My kids, Kylie and Isaac were born with a metabolic disorder called Phenylketonuria (PKU) which causes them to lack an enzyme that digests one of the amino acids (Phenylalanine) that make up a protein. This cake only contains approximately 1.5 grams of protein per serving.

From what I understood about the history of this recipe, (which was also referred to as "Wacky Cake"or "Depression Cake") this cake came about during The Great Depression when resources such as dairy products were either hard to come by or people just couldn't afford to purchase them.

I would like to wish my youngest son, Junior a happy 8th birthday today! We have been so blessed to have been given the opportunity to adopt him in 2013 and make him a permanent part of our family. Enjoy your crazy cake today, son!! 


RECIPE:

Great Grandma Renken's Crazy Cake

Preheat oven to 350 degrees.

Stir together in a 13x9 inch unprepared pan:

3 Cups sifted all purpose flour 
2 Cups sugar
2 Teaspoons baking soda
1/2 Cup cocoa
1 Teaspoon salt

Make 3 wells with a spoon in the dry ingredients.

In the first well, put: 3/4 Cup vegetable oil. In the second well, put: 2 Teaspoons white vinegar. In the third well, put: 1 Teaspoon vanilla.

Pour 2 Cups of water all and mix well, but do not beat. 

*optional (but will add protein depending on what kind & how many you add) Dot with chocolate chips!

Bake at 350 degrees for 35-40 minutes, leave in pan. Cool. Sprinkle with powdered sugar, then serve!






Sunday, October 4, 2015

All About Lopez

Lopez is the father of my first grandchild & no he was definitely not the father I had imagined for my first grandchild! Kylie was born with pre conceived conditions of a would~be future husband. These conditions included an unconditional love that would hold her hair back while she threw up every fifteen minutes. These conditions did not include an ex-girlfriend that would demand police attention due to threats causing unnecessary fear that would ultimately cast a gloomy cloud on Kylie's sunny day. I have accepted the fact that she is angry as I know I would be too. 

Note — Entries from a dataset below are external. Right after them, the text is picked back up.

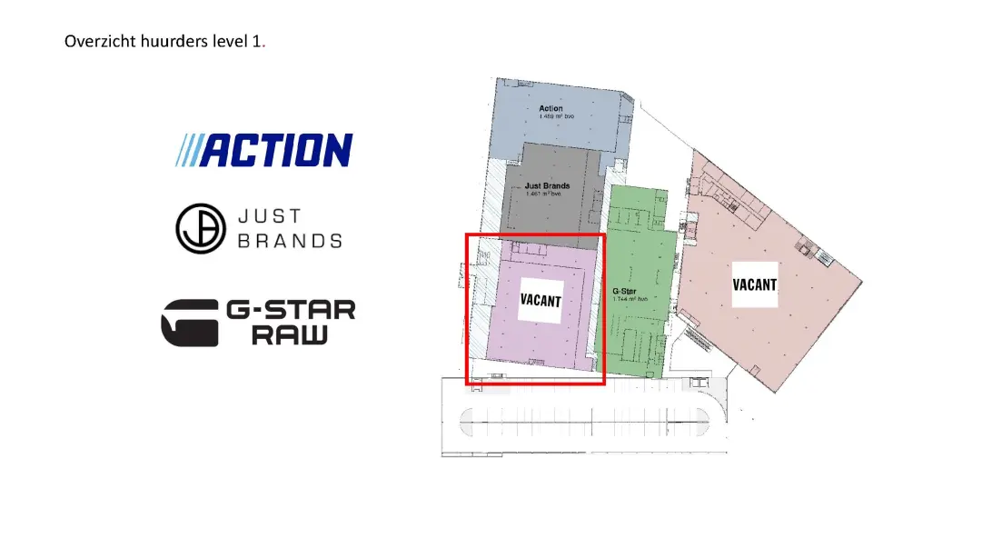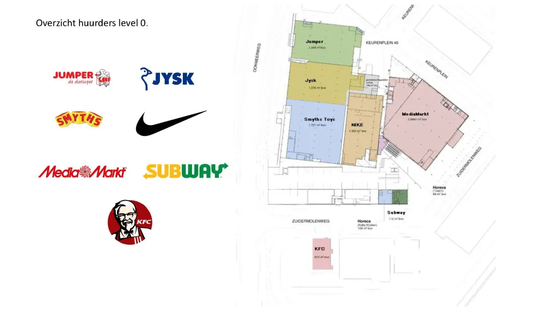 Hier zijn o.a. gevestigd Action, MediaMarkt, Jysk, G-star Raw Outlet, Nike Outlet, Just Brands Outlet, Jumper, KFC, Smyths Toys en Basic Fit.
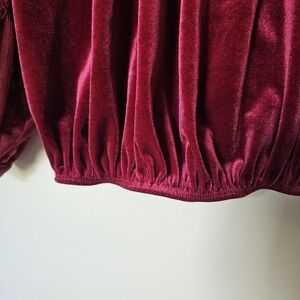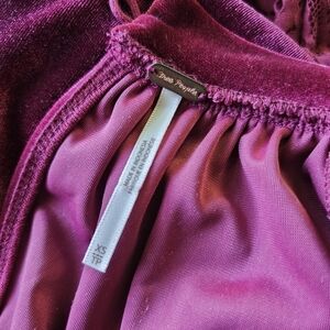 Free People Dream Team respberry color lace sleeves velvet blouse Size XS
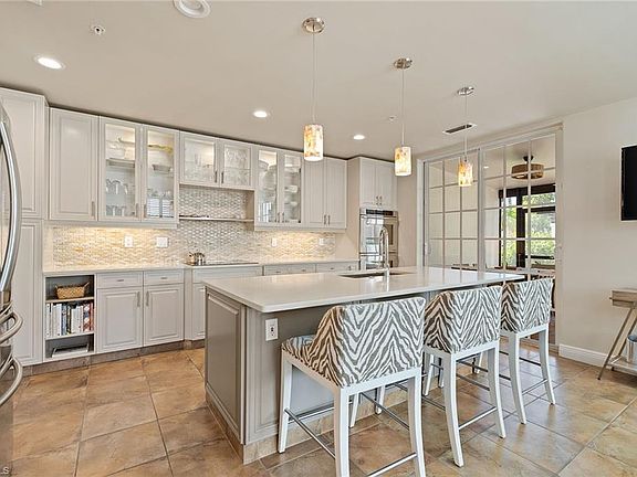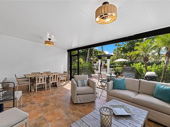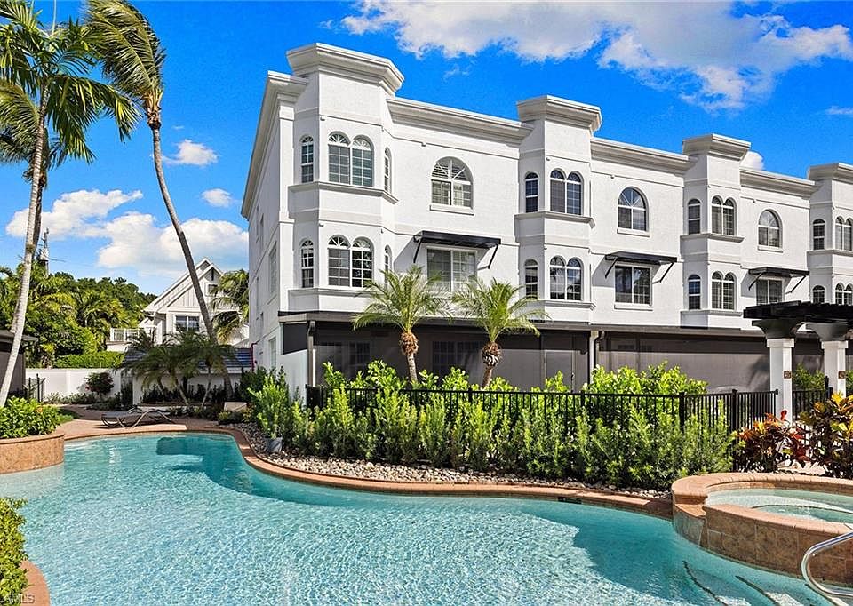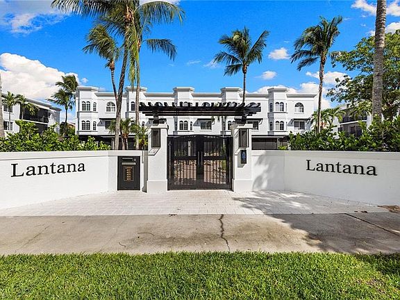 This four-bedroom, three-story attached villa in Lantana offers a rare opportunity to own one of only two end units in the community. Just one block off 5th Avenue and three blocks from Naples white-sand beaches, the home enjoys abundant natural light, privacy and an exceptional location. An updated, open kitchen with large attached screened lanai lends itself to leisurely dining and entertaining. There is a powder room on the main level. Designed for flexibility, it features dual primary suites, one on the second floor with a walk-in closet, en-suite bath and in-suite laundry, and another on the third floor also with walk-in closet and en-suite bath. There are an additional two guest bedrooms and full bath creating a private guest level with their laundry room. Additional highlights include a two-car garage, private elevator, whole-house water filtration system, and updates such as new HVAC system (2019), new roof (2025) and newly updated garage door opening system (2025). Sold furnished, this residence is move-in ready. All Lantana units and garages have remained dry through past storms, according to the owners, and offer lush gardens, two pools and two spas, all within a peaceful tropical setting just a short distance from 5th Avenue and the beach.

Through all of this, I keep thinking that that no matter what he looks like he may be at first glance, his past happens to  validate his actions most of the time, in my opinion. At least the fact that he has a baby with another girl who happened to be over 20 when he was only 17 when his first son was born officially gives Lopez the benefit of my doubt!  My grand child's father has a bad past full of people taking advantage of him. I can confidently proclaim that he is done being taken advantage of! He is our family now, our son in law, and we love him. We also love his baby boy!

Lopez's plans for the future are great & his actions have supported his plans so far, which I will explain later! In the mean time, we are having the time of our lives preparing for our babies to finally come home!